In fact, in the past three months, the president averaged 15.4 claims a day, so almost one-third of the total claims made as president have come in this period. At that pace, he will top 5,000 claims in September.
On July 5, the president had reached a new daily high of 79 false and misleading claims, but he came close on Aug. 30 with 73 claims, when he held a campaign rally and had an extended interview with Bloomberg News. On a monthly basis, June and August rank in first and second place during Trump's presidency, with 534 and 469 claims, respectively. July is in third place, with 448 claims.
Our award-winning interactive graphic, created with the help of Leslie Shapiro of The Washington Post’s graphics department, displays a running list of every false or misleading statement made by Trump.
Trump has a proclivity to repeat, over and over, many of his false or misleading statements. We’ve counted nearly 160 claims that the president has repeated at least three times, some with breathtaking frequency.

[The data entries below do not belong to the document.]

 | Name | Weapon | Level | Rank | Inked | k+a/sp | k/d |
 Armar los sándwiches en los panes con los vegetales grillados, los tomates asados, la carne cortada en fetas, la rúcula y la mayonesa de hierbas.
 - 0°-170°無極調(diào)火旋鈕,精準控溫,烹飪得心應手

Almost one third of Trump’s claims — 1,458 — relate to economic issues, trade deals or jobs. He frequently takes credit for jobs created before he became president or company decisions with which he had no role. He cites his “incredible success” in terms of job growth, even though annual job growth under his presidency has been slower than the last five years of Barack Obama’s term. Almost 40 times, he has claimed the economy today is the “greatest” in U.S. history, an absurd statement not backed up by data.
Just on trade, the president has made 496 false or misleading claims. He frequently gets the size of trade deficits wrong or presents the numbers in a misleading fashion. Five times in one week, he touted the false claim that the trade deficit fell by $52 billion from the first to the second quarter, calling it one of the “biggest wins” in the latest GDP report. In a somewhat unusual move, he stopped making this claim after we published a fact check showing his math was faulty.

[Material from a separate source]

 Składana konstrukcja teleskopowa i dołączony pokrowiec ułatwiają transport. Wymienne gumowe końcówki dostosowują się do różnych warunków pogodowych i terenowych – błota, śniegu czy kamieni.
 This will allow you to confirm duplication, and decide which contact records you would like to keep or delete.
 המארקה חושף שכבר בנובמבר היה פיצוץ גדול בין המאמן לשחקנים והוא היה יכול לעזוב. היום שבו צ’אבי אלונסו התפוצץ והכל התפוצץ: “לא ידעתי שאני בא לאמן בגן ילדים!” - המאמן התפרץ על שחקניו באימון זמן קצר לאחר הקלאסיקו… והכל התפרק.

More often than not, the president can’t let go of a favorite talking point. On June 20, he claimed he had received a phone call from the head of U.S. Steel and learned the company had announced it would open “six major facilities.” But U.S. Steel had made no such announcement and we debunked this claim as worthy of Four Pinocchios. Yet 23 more times over 10 weeks, the president has asserted that U.S. Steel was building new plants, inflating it even to seven facilities and then to eight.
Not surprisingly, immigration is the top source of Trump’s misleading claims, now totaling 592. Forty-three times just in the past six months, for instance, the president has falsely claimed his long-promised border wall with Mexico is being built, even though Congress has denied funding for it.

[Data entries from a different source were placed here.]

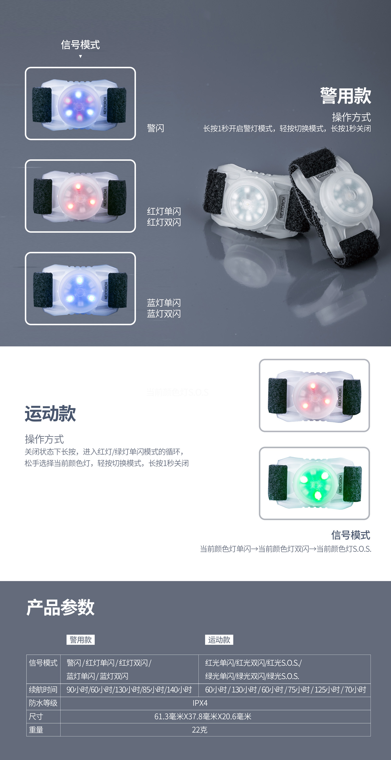 纳丽德信号标识灯,多光色、多信号模式设计,警用款带红蓝警闪功能,运动款使用红绿光源。夜间1000米以上的可视距离;标配魔术贴可装配在头盔、服装、MOLLE带等多种平台;使用可更换的纽扣电池,方便获取;IPX4防水等级,无惧风雨考验,稳定点亮;仅重22克,轻量便携。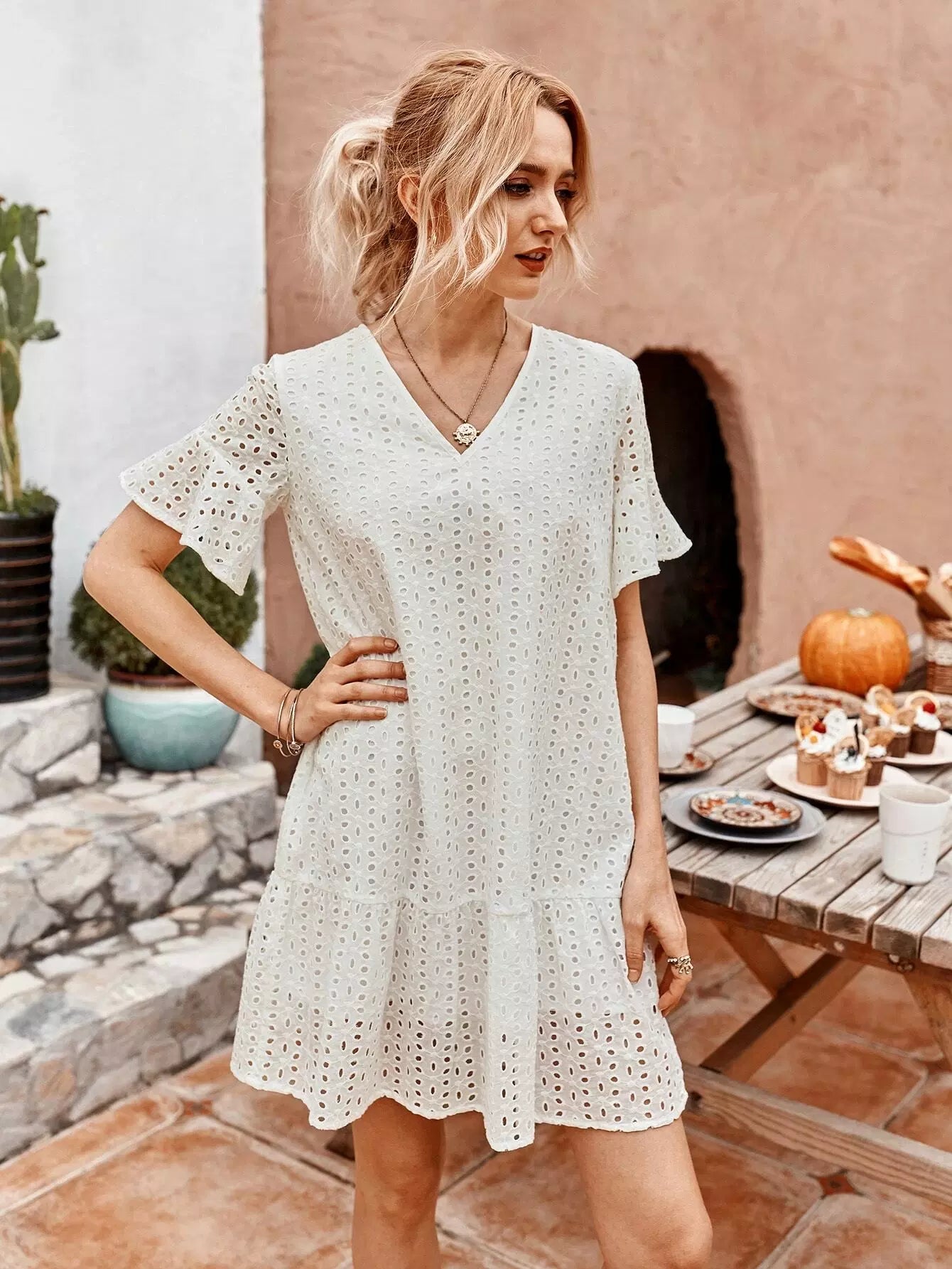 Eyelet Embroidery Ruffle Hem Smock Dress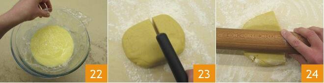 Luego cúbrela con film transparente 22, de esta forma se enfriará rápidamente sin perder color ni consistencia. Una vez fría, deja que se solidifique en la nevera durante 1 hora. Pasado el tiempo necesario, recupera la masa, toma 2/3 del bollo 23 y estira con el rodillo 24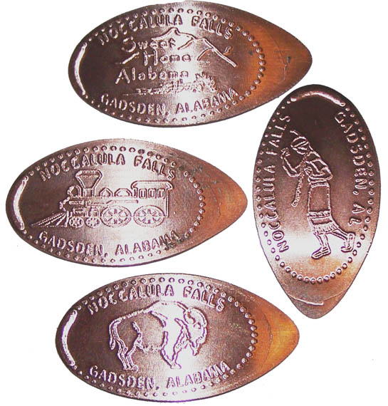 Machine 2 is located on the train station ticket platfrom located Jack's restaurant by ticket booth for train ride. All have 'Noccalula Falls Gadsden, Alabama (AL) on them. Designs are:

But moving up the list quickly are claims about the investigation into Russian interference in the 2016 election and whether people in the Trump campaign were in any way connected to it. The president has made 445 statements about the Russia probe, using hyperbolic claims of “worse than Watergate,” “McCarthyism” and, of course, “witch hunt.” He often asserts the Democrats colluded with the Russians, even though the Democratic National Committee and the Clinton campaign were victims of Russian activities, as emails were hacked and then released via WikiLeaks. All told, more than 200 times the president has made claims suggesting the Russia probe is made up, a hoax or a fraud.
Misleading claims about taxes — now at 356 — are also a common feature of Trump’s speeches. One hundred times, Trump has made the false assertion that he passed the biggest tax cut in U.S. history.
On foreign policy, the president consistently misstates NATO spending. Nearly 70 times, he has falsely said the United States pays as much as 90 percent of the alliance’s costs and that other NATO members “owe” money. But he is conflating overall defense spending with NATO obligations — and the United States, unlike many NATO allies, has global responsibilities. Nearly 50 times, Trump has made misleading claims about negotiations with North Korea, either suggesting previous administrations had not tried to restrain North Korea's nuclear ambitions or that he had solved the problem with ease.